There are two main things that needs to be incorporated in the code before using DISTIL.

  • Model
DISTIL Code Snippet 1
  1. The model should have a function get_embedding_dim which returns the number of hidden units in the last layer.
  2. The forward function should have a boolean flag “last” where:

if True: It should return the model output and the output of the second last layer
if False: It should only return the model output.

  • Data Handler

Since active learning works with data without labels, default data handlers cannot be used. The custom data handler should have following support:

  1. Your data handler class should have a Boolean parameter “use_test_transform=False” with default value False. This parameter is used to identify if handler is used for testing data.
  2. The data handler class should have a Boolean parameter “select” with default value True:

If True: It should return only X and not Y (used by active learning strategies)
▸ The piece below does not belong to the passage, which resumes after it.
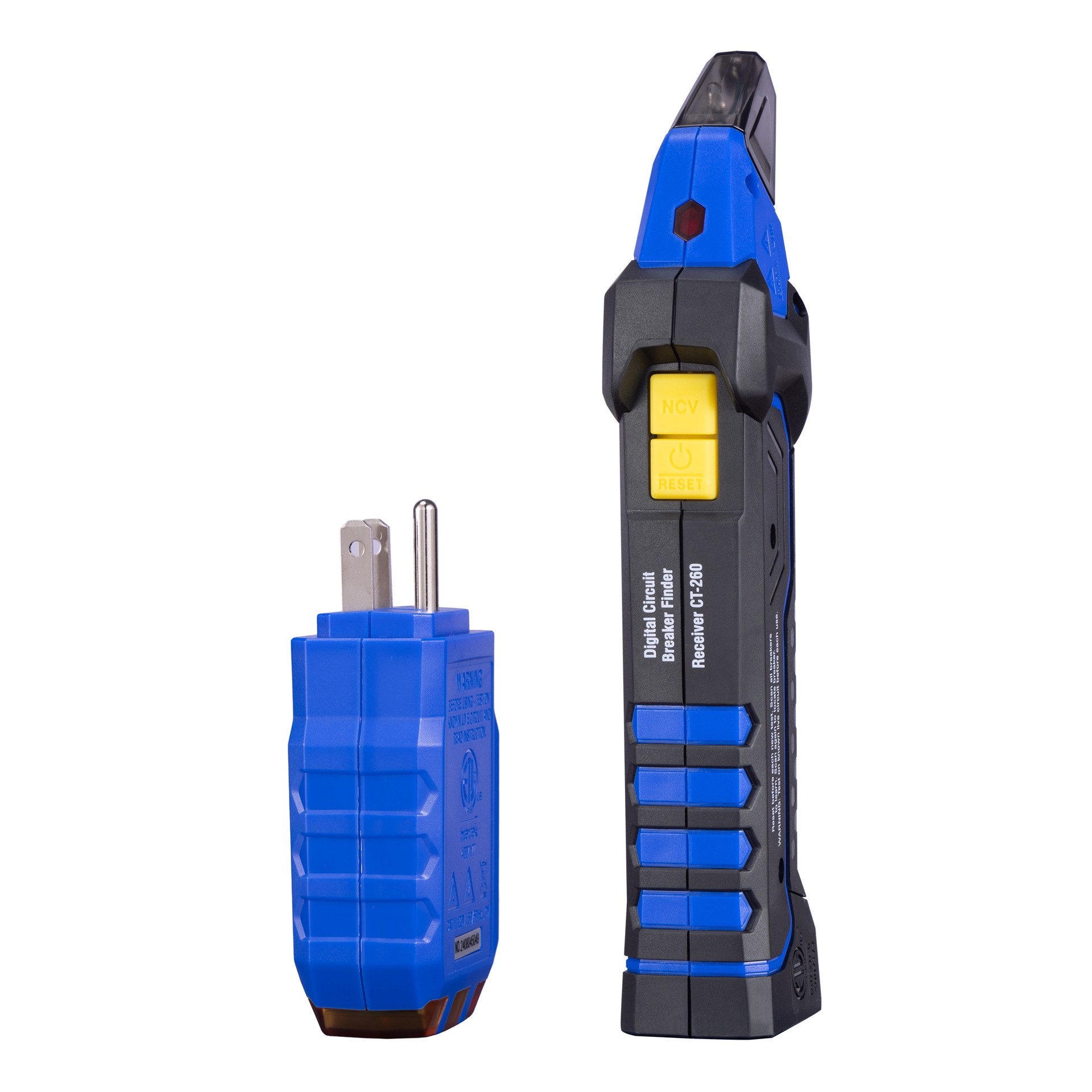 Locates correct circuit breaker, Built-in NCV tester. Standalone receptacle tester with GFCI test. Transmitter docks in receiver for convenient storage.

If False: It should return both X and Y (used while training the model)

That’s it folks! Just a couple of changes to get your model ready for DISTIL.

3. DISTIL Workflow

Now we are ready to work with DISTIL. This section will describe the step by step workflow of DISTIL and how active learning exactly works.
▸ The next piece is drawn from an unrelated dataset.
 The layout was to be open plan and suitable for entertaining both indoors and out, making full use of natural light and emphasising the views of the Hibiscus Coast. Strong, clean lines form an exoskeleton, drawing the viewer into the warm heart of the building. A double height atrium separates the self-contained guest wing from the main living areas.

Budget: It is the number of points added in the training set after every iteration. This needs to be decided before the training is initiated.

The yellow boxes in the flow chart denote the initial loop and it runs only once during the starting of the process. Let the budget be denoted by n.

  1. There is a set of unlabeled data which needs to be used for training the model.
  2. First n random points are selected for the initial round of training.
  3. These points needs to be manually labeled
  4. The model is trained with these labelled data.
  5. After the training is completed, DISTIL selects the next set of n data points based on hypothesized labels, gradient embeddings, etc. depending on the active learning algorithm chosen.
  6. These new selected points are labeled and added to the training data
  7. The model is trained again with the new training data.
  8. Repeat steps 5–7 until it reaches the desired testing accuracy or the points in training data reaches the threshold decided.

4. Code Walk-through

Based, on the above steps, let’s go through the code step by step based on the example provided here: DISTIL Example Code.

Step 1:

DISTIL Code Snippet 3

Loading the unlabeled data. Lines 60–63 loads the data which is in libsvm format. This is just an example, you can load data of your choice.

Step 2:

DISTIL Code Snippet 4

Line 96–99, first set of random points are selected for the initial loop of training. In line 100, the points selected from the training are removed from the unlabeled set.

Step 3:

DISTIL Code Snippet 5

Note: Here we have assumed we already have the labels of the dataset. In an ideal scenario, these labels won’t be present and need to be labelled manually.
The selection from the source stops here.